July crude oil futures were trading at ₹6970 on Multi Commodity Exchange (MCX) during the initial hour of trading on Thursday against the previous close of ₹6911, up by 0.85 per cent, and August futures were trading at ₹6860 against the previous close of ₹6809, up by 0.75 per cent.

According to the US EIA (Energy Information Administration), commercial crude oil inventories in the US decreased by 4.9 million barrels for the week ending July 12 from the previous week. At 440.2 million barrels, US crude oil inventories were about 5 per cent below the five-year average for this time of year.

Market was expecting the decline to be around 0.90 million barrels for the week ending July 12. However, there was a decline in crude oil inventories to the tune of 3.44 million barrels in the previous week.

Total motor gasoline inventories increased by 3.3 million barrels from last week and were slightly above the five-year average for this time of year.

Total products supplied in the US over the last four-week period averaged 20.5 million barrels a day, up by 1.2 per cent from the same period last year. Over the past four weeks, motor gasoline product supplied averaged 9.1 million barrels a day, up by 0.2 per cent from the same period last year.

US crude oil imports averaged 7 million barrels a day last week, an increase of 277,000 barrels a day from the previous week. Over the past four weeks, crude oil imports averaged about 6.7 million barrels a day, 1.1 per cent more than the same four-week period last year.

Crude oil prices also got a boost following the statements of some US Federal Reserve officials.

Speaking at the Kansas City Fed on Wednesday, Federal Reserve Governor Christopher Waller said: “I believe current data are consistent with achieving a ‘soft landing,’ and I will be looking for data over the next couple months to buttress this view.
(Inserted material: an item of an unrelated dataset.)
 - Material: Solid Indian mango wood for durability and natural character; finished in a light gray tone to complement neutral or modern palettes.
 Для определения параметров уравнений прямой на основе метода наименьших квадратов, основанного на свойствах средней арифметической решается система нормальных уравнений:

While I don’t believe we have reached our final destination, I do believe we are getting closer to the time when a cut in the policy rate is warranted.”

Quoting an interview of New York Fed President John Williams to Wall Street Journal, a Reuters report said: “We’re actually going to learn a lot between July and September. We’ll get two months of inflation data. I feel like the past three months - and I would include in June, based on what we’ve seen - seems to be getting us closer to a disinflationary trend that we’re looking for. I would like to see more data to gain further confidence inflation is moving sustainably towards our 2 per cent goal. We’ve got a few good months now.”
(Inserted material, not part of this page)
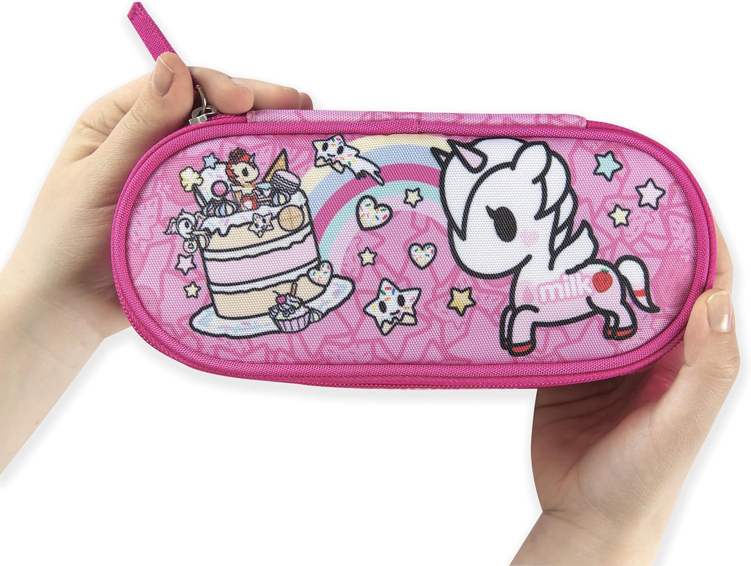 L'astuccio ovale personalizzato Tokidoki è ideale per bambine ed è distribuito con licenza originale da Franco Cosimo Panini Editore. Grazie alle dimensioni di 22 x 7 x 9,5 cm, alla tasca interna e al divisorio con passanti elastici su entrambi i lati, permette di contenere e organizzare in modo ottimale penne, matite, gomme e altro ancora. Preparati ad esprimere la tua creatività in modo organizzato e divertente!

These statements have made the market participants to expect interest rate cut in September. Reduction in interest rate will help boost consumption of commodities such as crude oil, creating more demand for it. This will help boost the price of the commodity.

July menthaoil futures were trading at ₹953 on MCX during the initial hour of trading on Thursday against the previous close of ₹946.40, up by 0.70 per cent.

On the National Commodities and Derivatives Exchange (NCDEX), August jeera contracts were trading at ₹26960 in the initial hour of trading on Thursday against the previous close of ₹26675, up by 1.07 per cent.

August cottonseed oilcake futures were trading at ₹2980 on NCDEX in the initial hour of trading on Thursday against the previous close of ₹3010, down by 1 per cent.